Regarding the evaluation, in particular, I would suggest to further run evaluations to cover the following aspects. The rationale behind each of these points is explained in my more detailed comments under the relevant section:
- Different Façade-X representations to assess the impact of the Façade-X representation to the queries implementation.
- More nested JSON data sources and XML data sources.
- More slices’ sizes to assess the impact of the slices’ size to the queries’ answers.
- More benchmarks to have a better view of the results.
- Compare with state-of-the-art systems, e.g., Ontop, SPARQL-Generate and SANSA.

This manuscript was submitted as 'full paper' and should be reviewed along the usual dimensions for research contributions which include (1) originality, (2) significance of the results, and (3) quality of writing.
(1) The originality and significance of the evaluation results are questionable as state-of-the-art solutions have already proven these results for other systems. The strategies are applied for the first time in the case of Façade-X but it is not clear based on the current version of the paper what is novel in the way that these strategies are implemented.

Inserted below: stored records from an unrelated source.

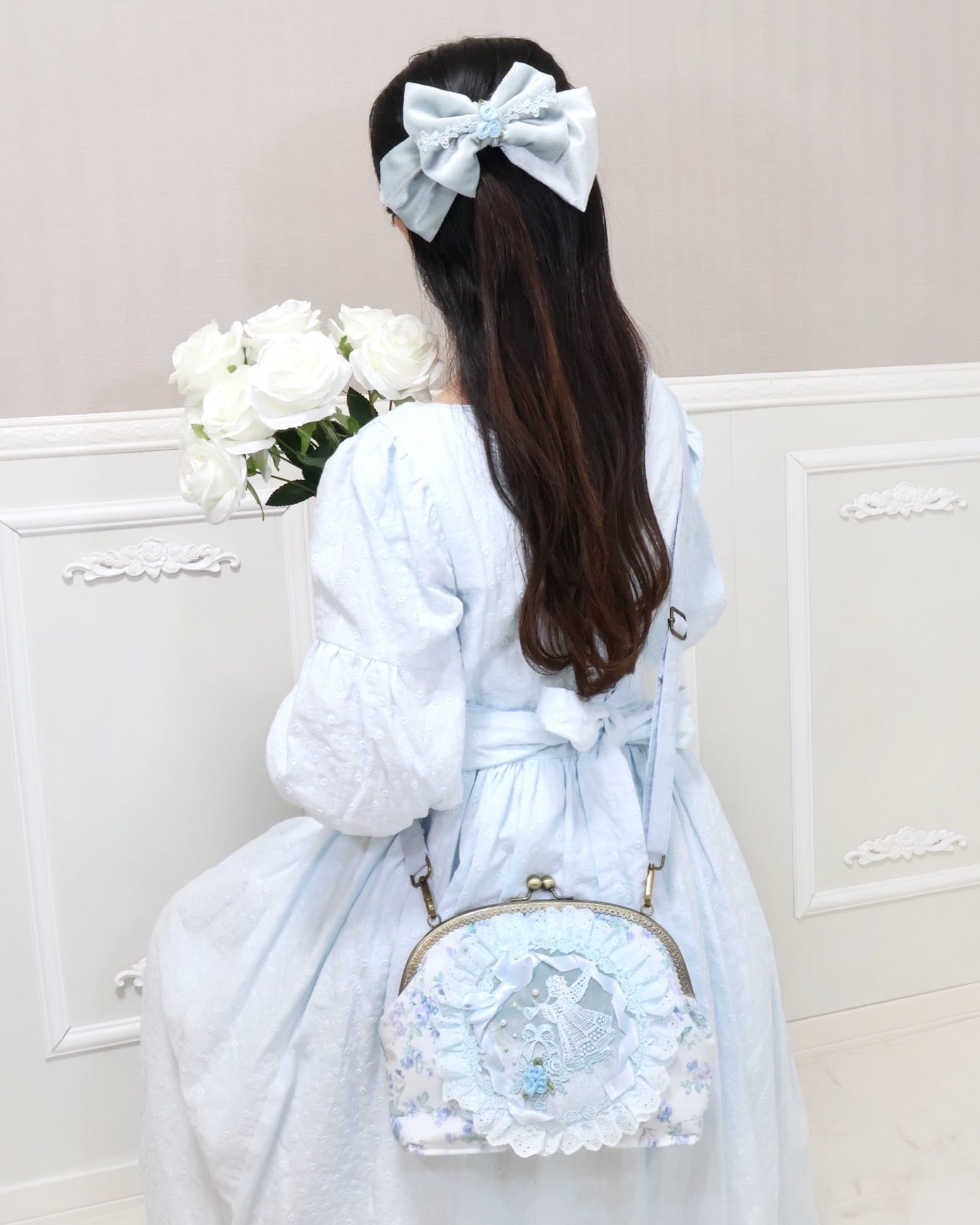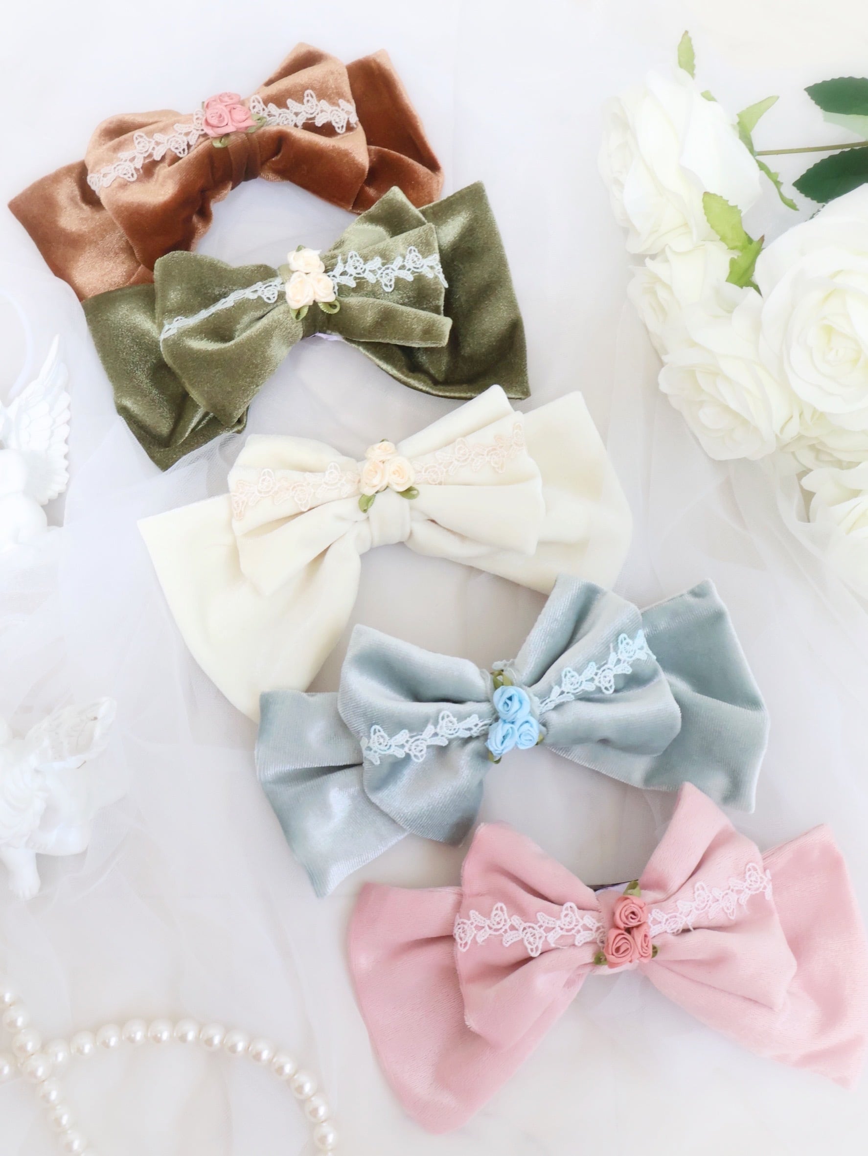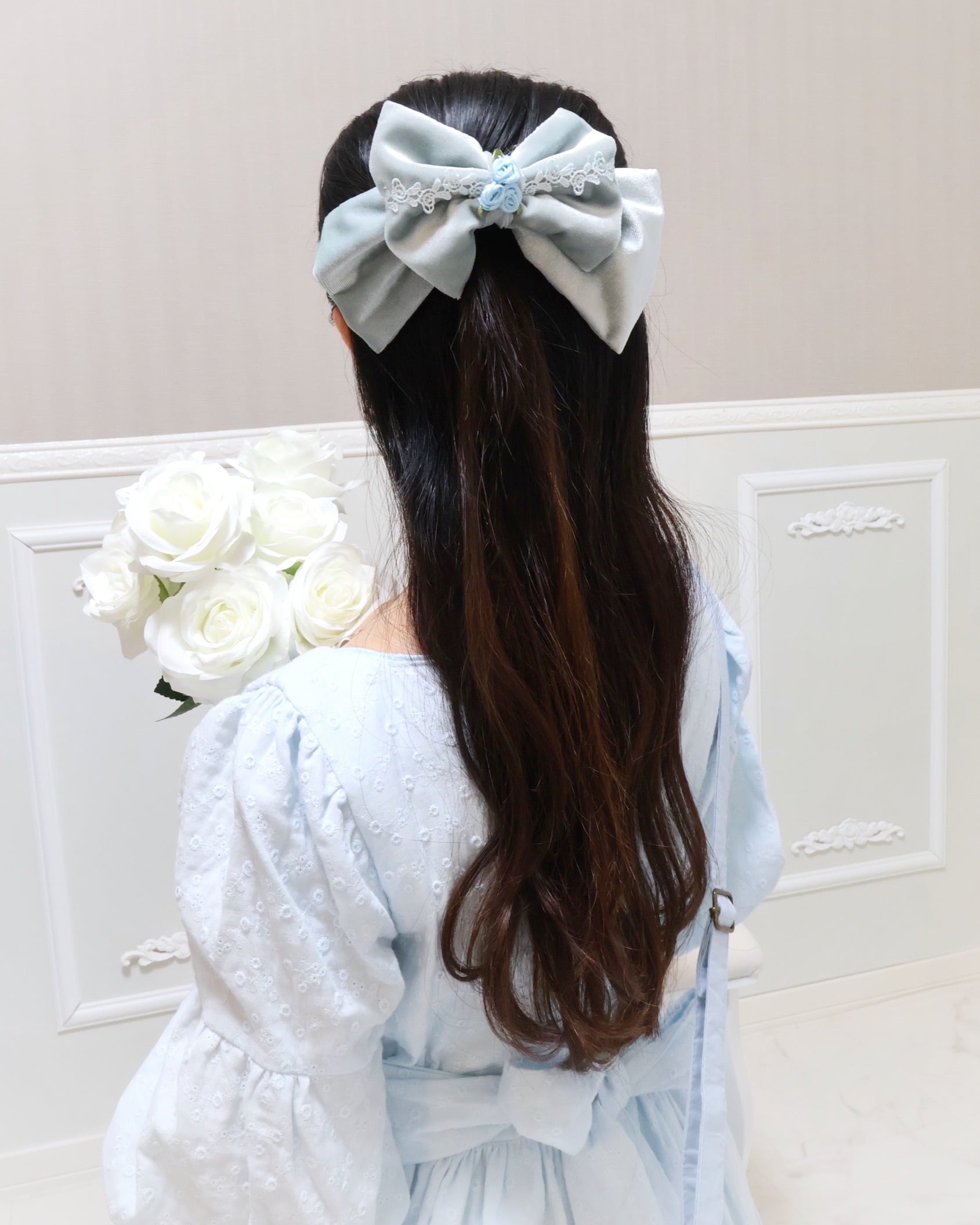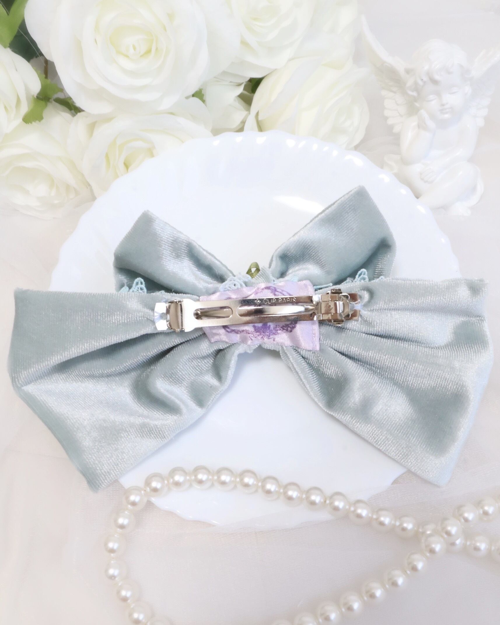 手染めレースリボンバレッタ(大)【サックス】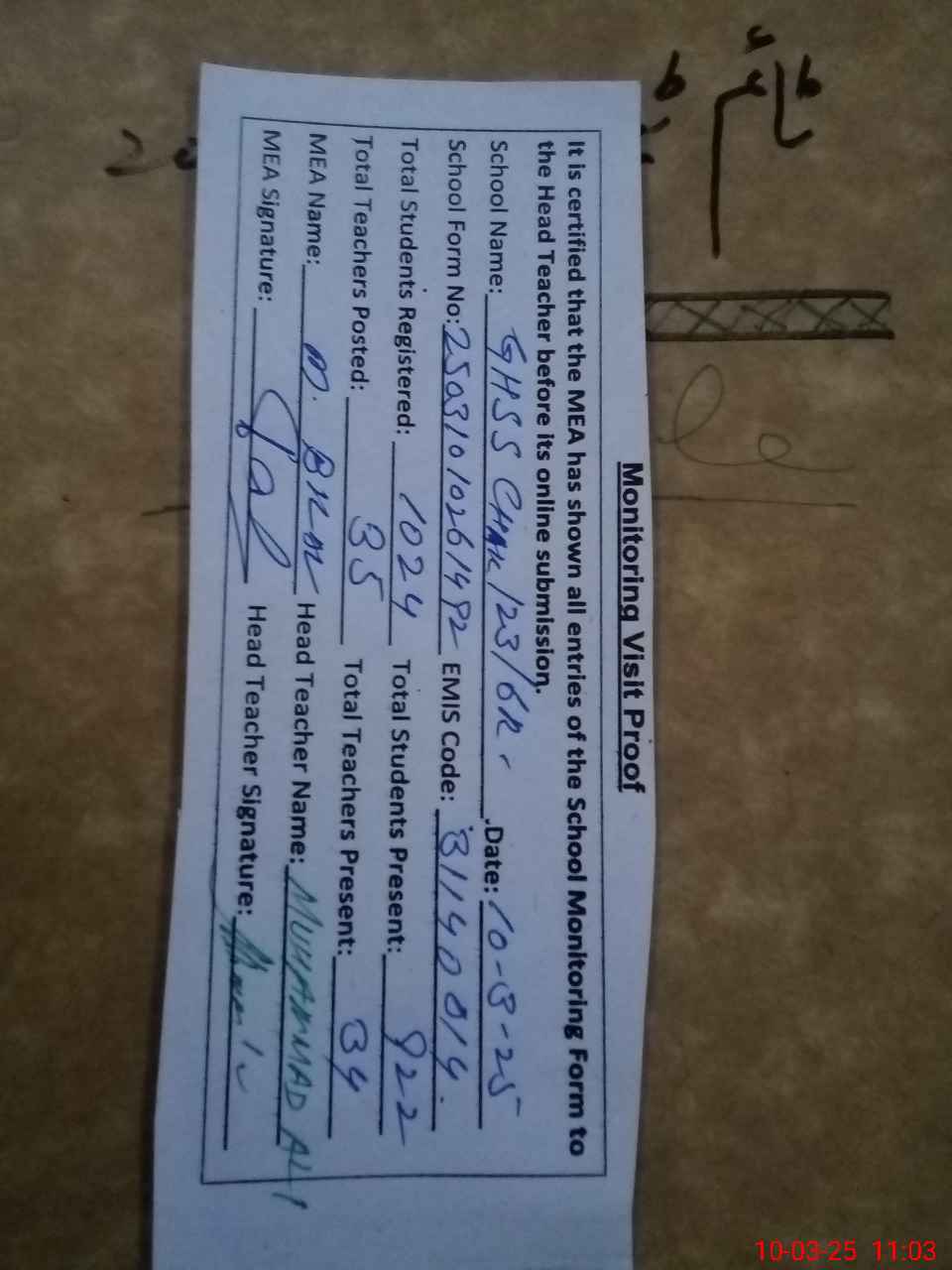 | Attendance Register | Head Teacher | MEA with School | Visit Proof |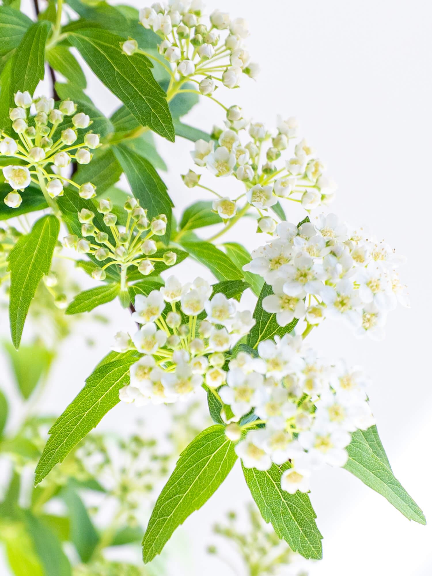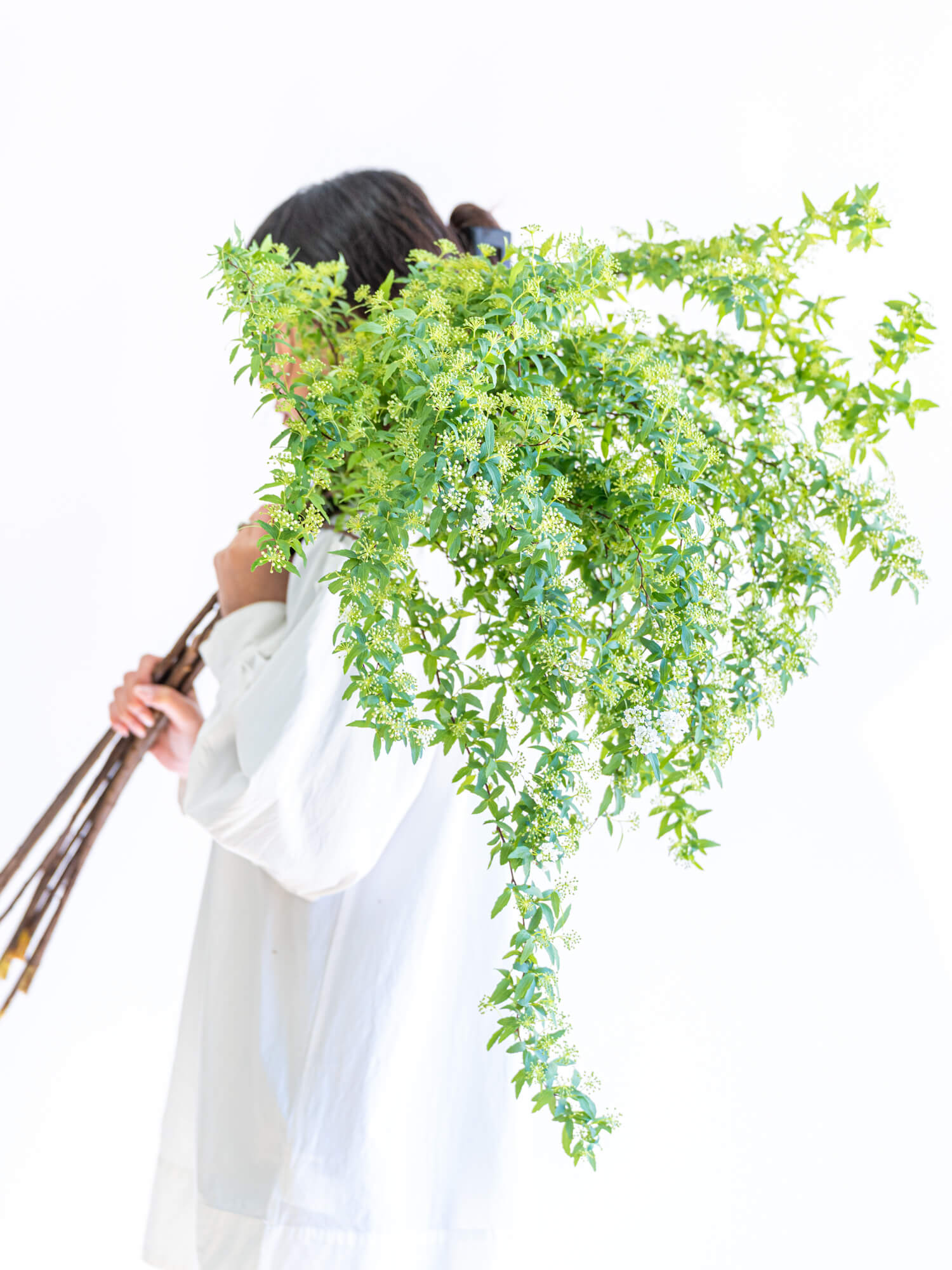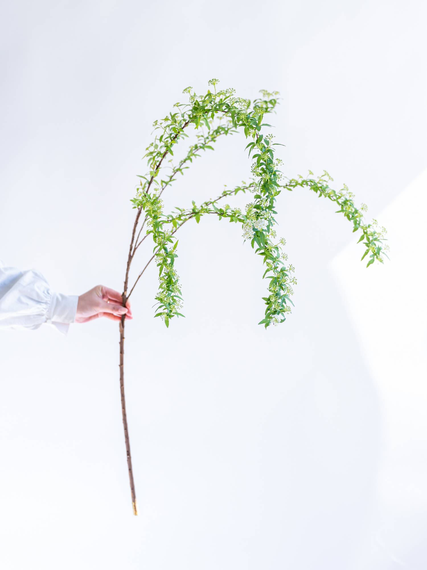 小さな白い花が枝に密集して咲きます。流れるようなラインが美しく、和洋どちらにも合います。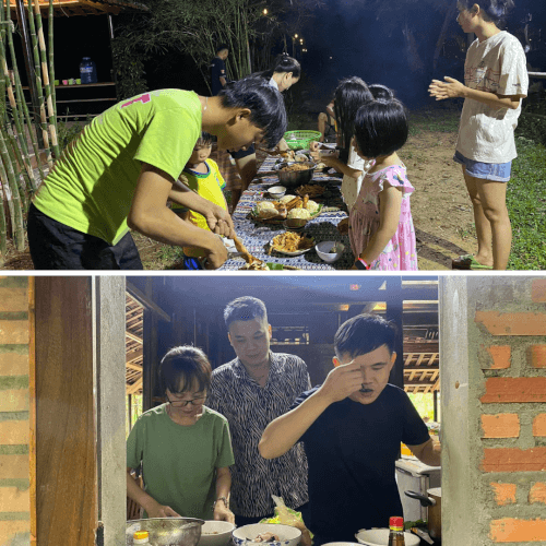 Nếu đặt trước,bạn có thể tham gia tiệc BBQ hoặc ăn tối ngoài trời với đèn lồng treo lấp lánh. Những bữa ăn như vậy giúp mình thấy như đang dùng bữa tại một gia đình nông thôn. Không khí thân mật,thức ăn ngon khiến bữa ăn trở thành một phần đáng nhớ trong chuyến đi. Chủ nhà nấu ăn rất khéo và luôn hỏi han từng người xem có hợp khẩu vị không.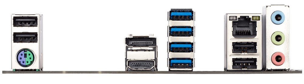 | Back Panel Connectors | 1 x PS/2 keyboard/mouse port 1 x DisplayPort 1 x HDMI port 4 x USB 3.2 Gen 1 ports 4 x USB 2.0/1.1 ports 1 x RJ-45 port 3 x audio jacks |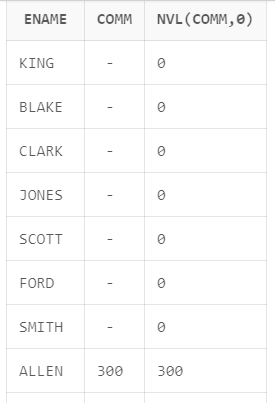 SELECT ENAME, COMM, NVL(COMM,0)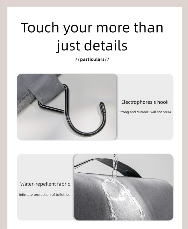 • Features: Hanging hook, multiple compartments, top handle, water-resistant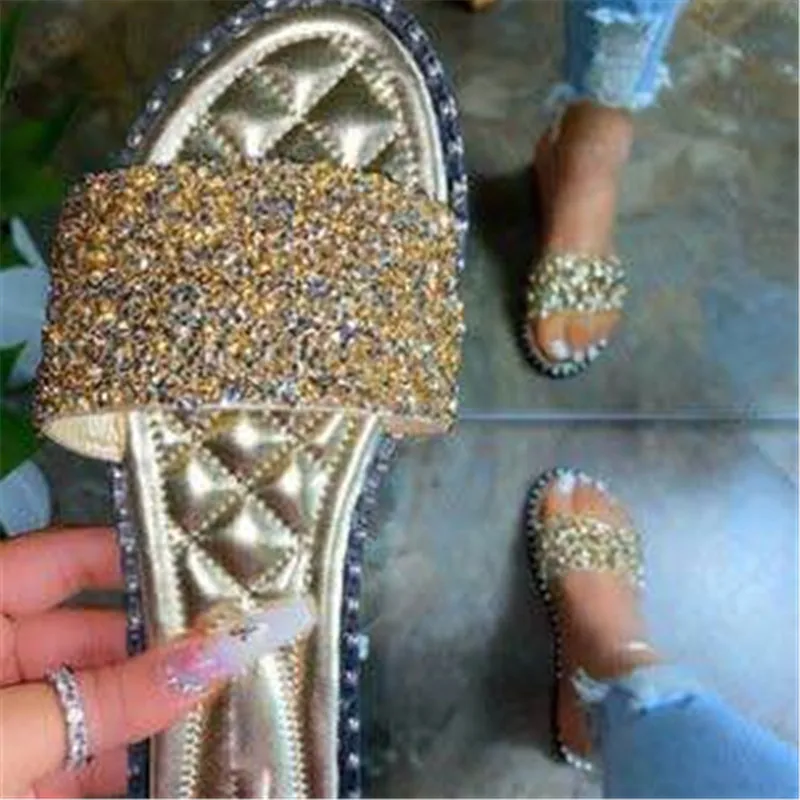 Famous Brand ladies luxury female fashion flat slippers rhinestone slippers for women designer house slippers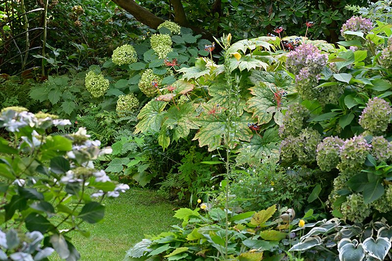 Gartenlady, was für ein beeindruckendes Spätsommerbild. So viel schmückendes Blattwerk, dazu die ausgeblichenen Blüten der Hortensien. Da möchte man sich einfach hinsetzen und die letzten warmen Wochen genießen.

Long-term stable URL for resources
(A) whether the data file is well organized and in particular contains a README file which makes it easy for you to assess the data:

The URL for the resources points to the adjusted benchmark but there is no URL that points to the SPARQL Anything system which was used to implement the different strategies. The repository with the benchmark contains a READ.ME file with some basic instructions. The data is available via a link to the repository to the original benchmark.

(B) whether the provided resources appear to be complete for replication of experiments, and if not, why,
At least the link to the release of SPARQL-Anything that implements the different strategies is still required to be able to reproduce the results.

Introduction
-----------------
The introduction is very focused on Façade-X and it does not reflect neither on the bigger picture, i.e. what the actual problem is, nor on how other approaches address the problem, e.g., what strategies were followed by other non-Façade-X approaches to address similar issues?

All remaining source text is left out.